In applications involving electro-optical components such as LEDs, it is sometimes important to ensure accurate alignment of these components in relation to an optical element.
In particular, this is true for applications that are “etendue critical”, i.e. where maximum efficiency is needed with minimum aperture size. Examples of these applications are camera (video or photo) flash, spotlamp, and optical fiber systems for medical applications such as endoscopy. Another example is when a LED is used as a light source in a collimator, e.g. for use in an automotive headlamp.
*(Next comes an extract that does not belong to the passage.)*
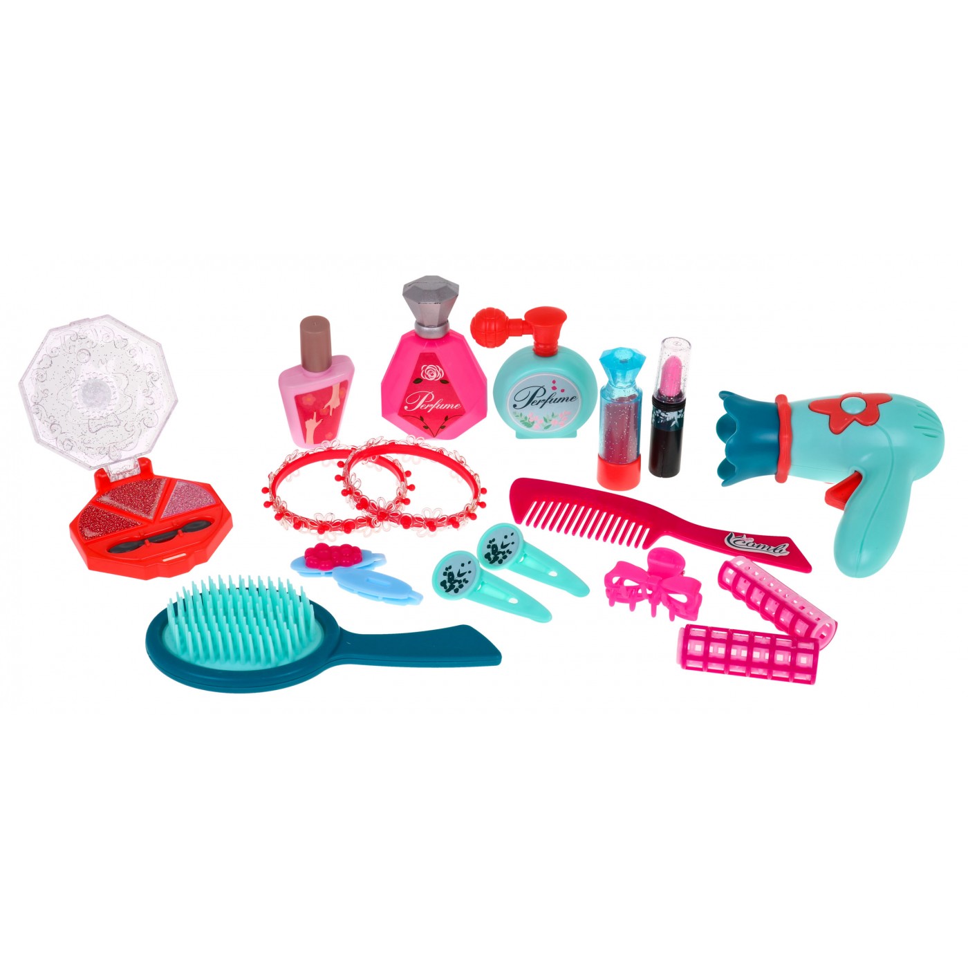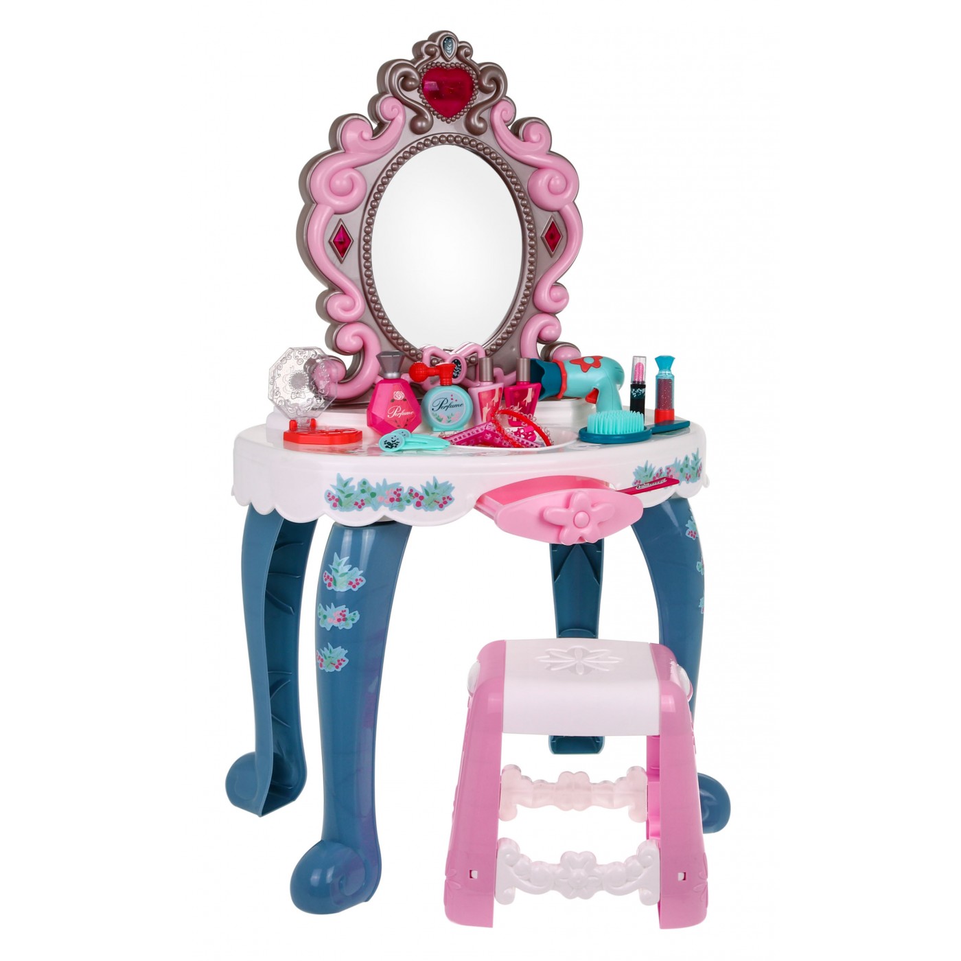 | | - toaletka z lustrem i taboretem, - suszarka w której po naciśnięciu przycisku słychać odgłos suszenia (suszarka nie wymaga baterii), - szczotka do włosów, - grzebień, - dwie szminki, - dwa lakiery do paznokci, - perfumy z atomizerem, - perfumy w ozdobnej buteleczce (plastik), - cienie do powiek, - dwie bransoletki, - dwa wałki do włosów, - pięć spinek do włosów, - naklejki dekoracyjne |

As it is important that the electro-optical component and the optical element are precisely aligned in relation to each other, very high accuracy is required in the mounting process. Though satisfactory alignment is feasible, it comes at a price, e.g. in terms of limitations regarding mounting process order.
One attempt to improve alignment of the electro-optical component with the optical element, has been to make the latter an integral part of a module onto which the substrate is mounted. However, this does not eliminate the problem of accurate alignment. Typically, the electro-optical component is soldered onto the carrier substrate, whereas the substrate is mounted onto the module in such a way that the electro-optical component is very accurately placed with respect to the optical component. In this process, each step has its associated tolerances, which add up to the final positioning uncertainty. In many cases, this uncertainty is too large. For example, in the case with a LED used as a source in a collimator, from an optical point of view a positioning uncertainty of at most 0.05 mm is desirable. Such accuracy is not feasible for the chain of tolerances described above.